|Publication number||US6578556 B2|
|Application number||US 09/966,770|
|Publication date||Jun 17, 2003|
|Filing date||Sep 28, 2001|
|Priority date||Sep 29, 2000|
|Also published as||DE60130612D1, DE60130612T2, EP1193384A2, EP1193384A3, EP1193384B1, US20020066438|
|Publication number||09966770, 966770, US 6578556 B2, US 6578556B2, US-B2-6578556, US6578556 B2, US6578556B2|
|Inventors||Mario Ricco, Stefano Maria Borrione|
|Original Assignee||C.R.F. Societa Consortile Per Azioni|
|Export Citation||BiBTeX, EndNote, RefMan|
|Patent Citations (5), Classifications (8), Legal Events (4)|
|External Links: USPTO, USPTO Assignment, Espacenet|
The present invention relates to a device and method for controlling an electromagnet controlling a metering valve of an internal combustion engine fuel injector.
As is known, a metering valve is normally opened by exciting an electromagnet controlling the valve.
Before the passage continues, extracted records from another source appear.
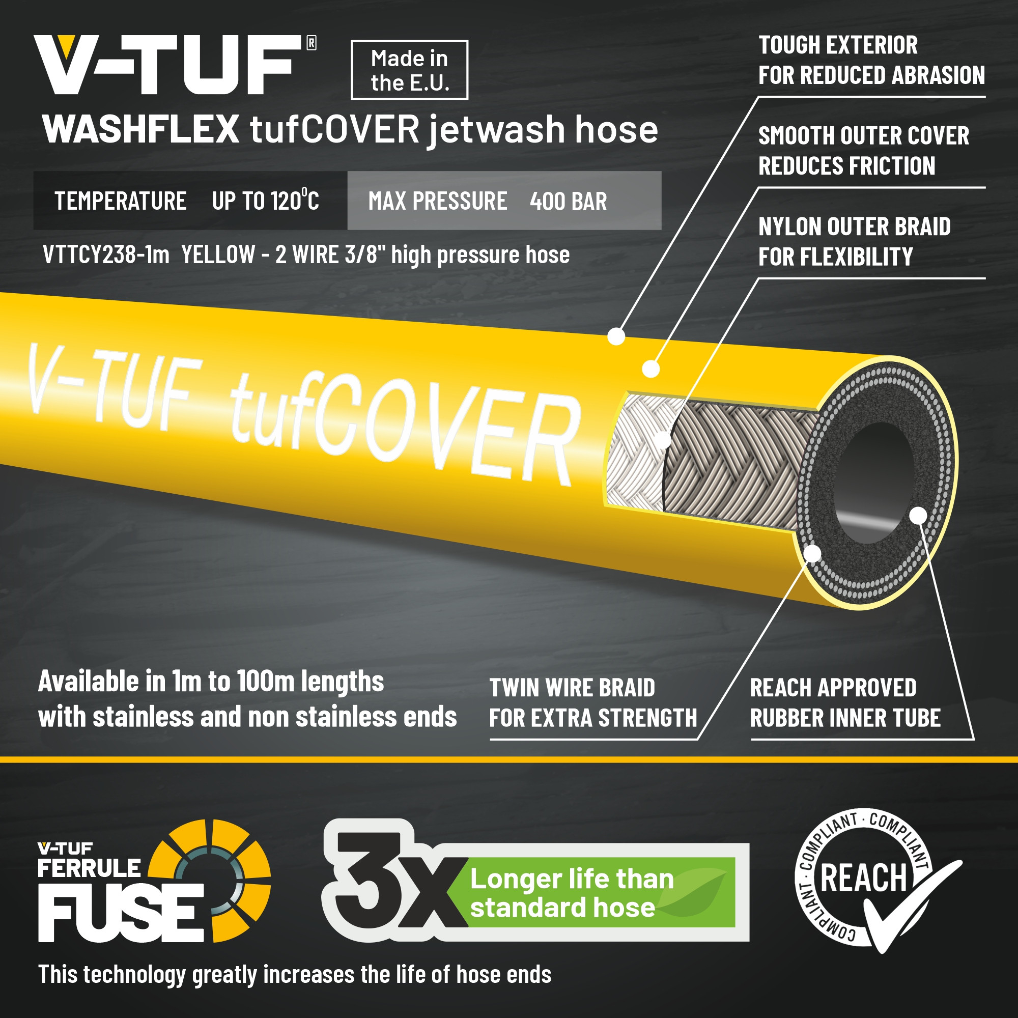 What Makes V-TUF WASHFLEX HPH So Special? V-TUF Have Over 15 Years Experience In Hose Manufacturing, Using The Finest Raw Material Manufacturers In Europe.
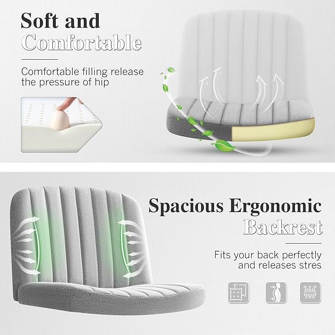 Criss Cross Legged Chair with Wheels, Armless Swivel Wide Padded Height Adjustable Fabric Home Office, Light Grey
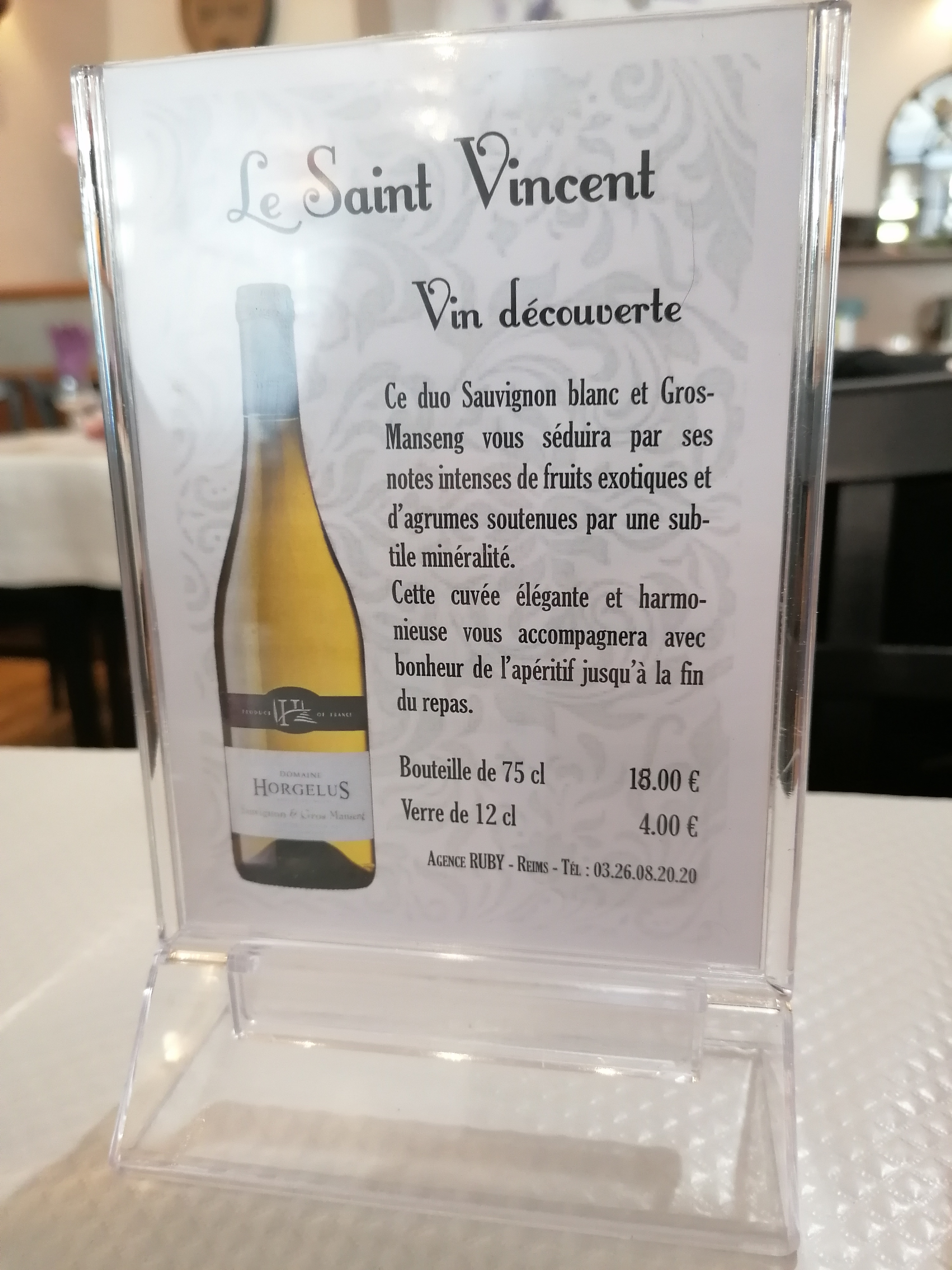 Très bon accueil, personnel disponible et agreable. Nous avons pris le menu complet à 18.50€ rapport qualité prix très bien. De bons produits bien mis en valeur. Si vous devez vous arrêtez manger sur soissons c'est au St Vincent qu'il faut aller !
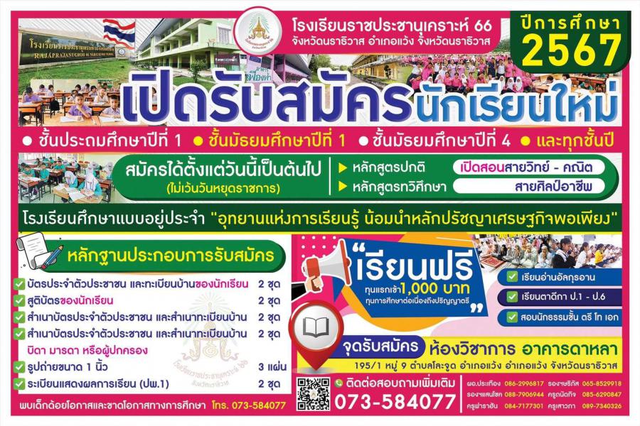 เปิดรับสมัครแล้วนะคะ อย่าลืมชวนกันมาเรียน ณ โรงเรียนราชประชานุเคราะห์ ๖๖ จังหวัดนราธิวาส

Excitation of the electromagnet commences at a given instant depending on the stroke of the corresponding engine cylinder, and is effected by a first current. After a given delay, sufficient to ensure the valve is opened completely, the first current is replaced by a second current, which is lower, e.g. about half, the first current, to simply keep the electromagnet excited and the valve open. The instant the second current ceases depends on the amount of fuel required by the engine, so that the total excitation time of the electromagnet depends on the operating conditions, e.g. speed, torque, etc., of the engine.
Owing to the hysteresis of the electromagnet core, which depends on the type of material used, the decay time of the magnetic field of the coil varies with time, so that the electromagnet is excited by a current whose time graph, as of the first instant, comprises a portion increasing rapidly to a substantially constant first current, a portion decreasing to a lower second current from another instant having a predetermined delay with respect to the first, and a portion in which the second current decreases to zero from a second instant.
In known control devices, the delay is selected to ensure the valve opens in any condition, in particular with any engine and fuel temperature, and is therefore fairly long. The transition in the excitation of the electromagnet, from the higher to the lower current, results in nonlinearity of the quantity of fuel injected as a function of excitation time. Moreover, in known devices and in certain engine operating conditions, nonlinearity frequently occurs at a critical point in the operation of the engine, thus resulting in irregular power output.
It is an object of the present invention to provide a device and method for controlling an electromagnet controlling a fuel injector metering valve, which are highly straightforward and reliable, and provide for eliminating the aforementioned drawbacks typically associated with known devices.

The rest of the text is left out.